- WORK TO COMPLETE -
Exactly the lines from the one containing "MacBook自带的资源管理" through the final line of the data below, with pictures omitted, make up the answer.

========

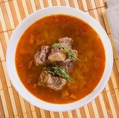 Разложить приготовленное мясо по тарелкам, налить горячий суп, добавить веточки тимьяна и подать на стол с подсушенным черным хлебом.
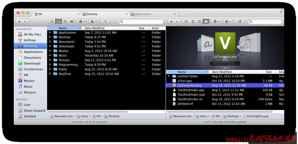 MacBook自带的资源管理器(Finder)已经可以满足一般的需要,但是当你有大量文件维护操作后,你就需要一个更强大的Finder。XtraFinder完全集成到Finder里面,你根本感觉不出它是一个第三方的应用程序,同时还提供很多增强特性,比如:
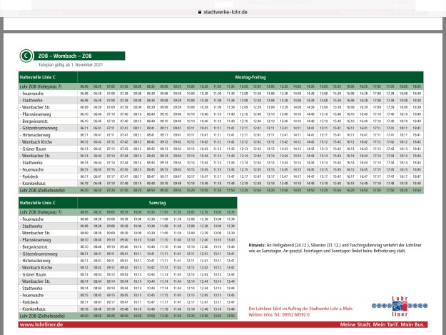 zum Vergrößern der Fahrpläne jeweiliges Bild anklicken gesamter Fahrplan als pdf Quelle: Stadtwerke Lohr
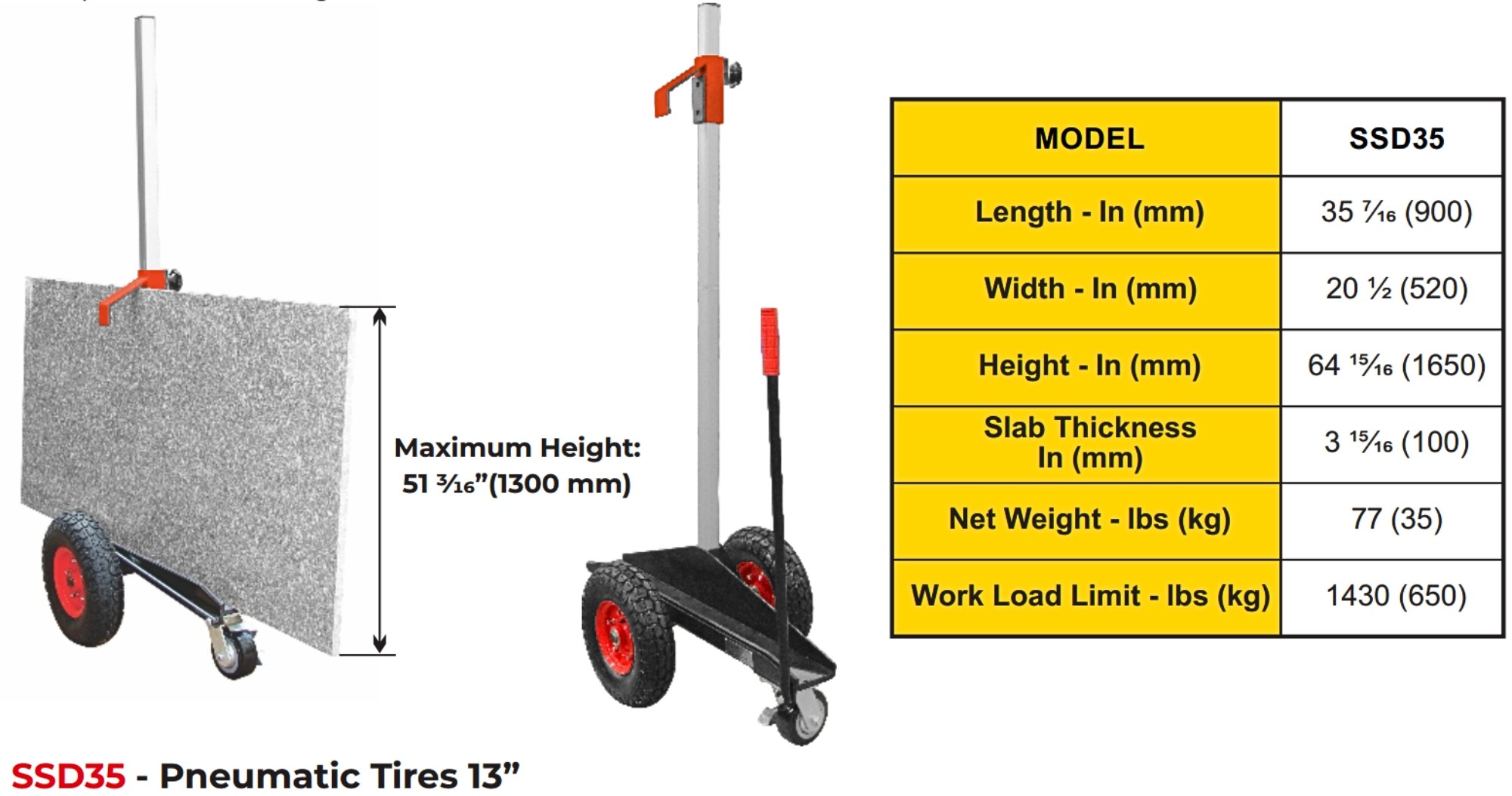 Our Stone Slab Dolly has ideal dimensions and specifications that enable transport stone slabs easier in confined working environments.
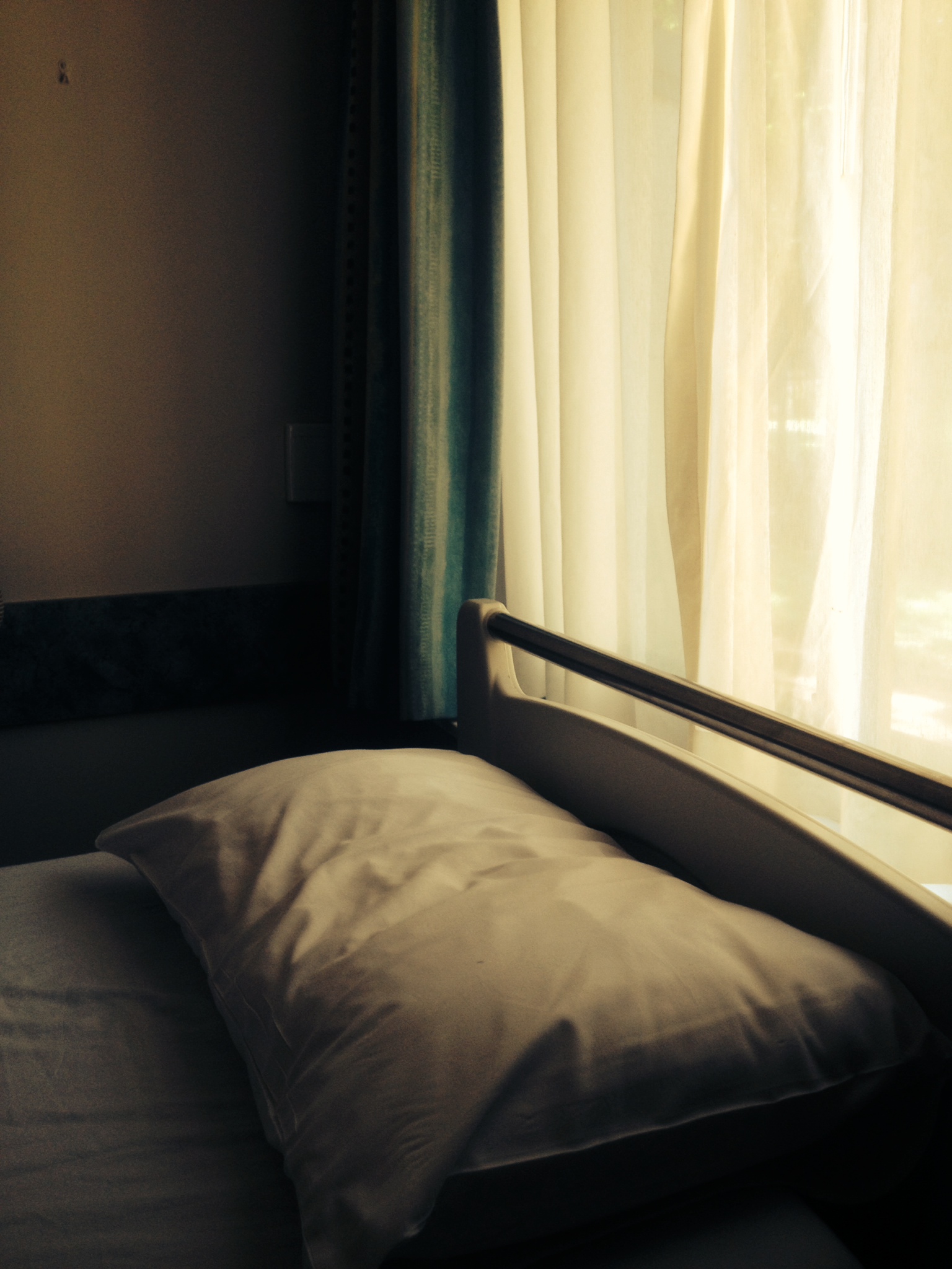 The room is right by the desk, the nurses station they call it. Behind nurses gather, all chinking with their keys and badges and tags hanging off their belts and on bum bags about their waists. Beneath their Polly cotton tops and pants are detectable rolls of fat around their middles. Proof they don’t work hard enough I think or else is just everyone fat these days.

========

- COMPLETED TASK -
 MacBook自带的资源管理器(Finder)已经可以满足一般的需要,但是当你有大量文件维护操作后,你就需要一个更强大的Finder。XtraFinder完全集成到Finder里面,你根本感觉不出它是一个第三方的应用程序,同时还提供很多增强特性,比如:
 zum Vergrößern der Fahrpläne jeweiliges Bild anklicken gesamter Fahrplan als pdf Quelle: Stadtwerke Lohr
 Our Stone Slab Dolly has ideal dimensions and specifications that enable transport stone slabs easier in confined working environments.
 The room is right by the desk, the nurses station they call it. Behind nurses gather, all chinking with their keys and badges and tags hanging off their belts and on bum bags about their waists. Beneath their Polly cotton tops and pants are detectable rolls of fat around their middles. Proof they don’t work hard enough I think or else is just everyone fat these days.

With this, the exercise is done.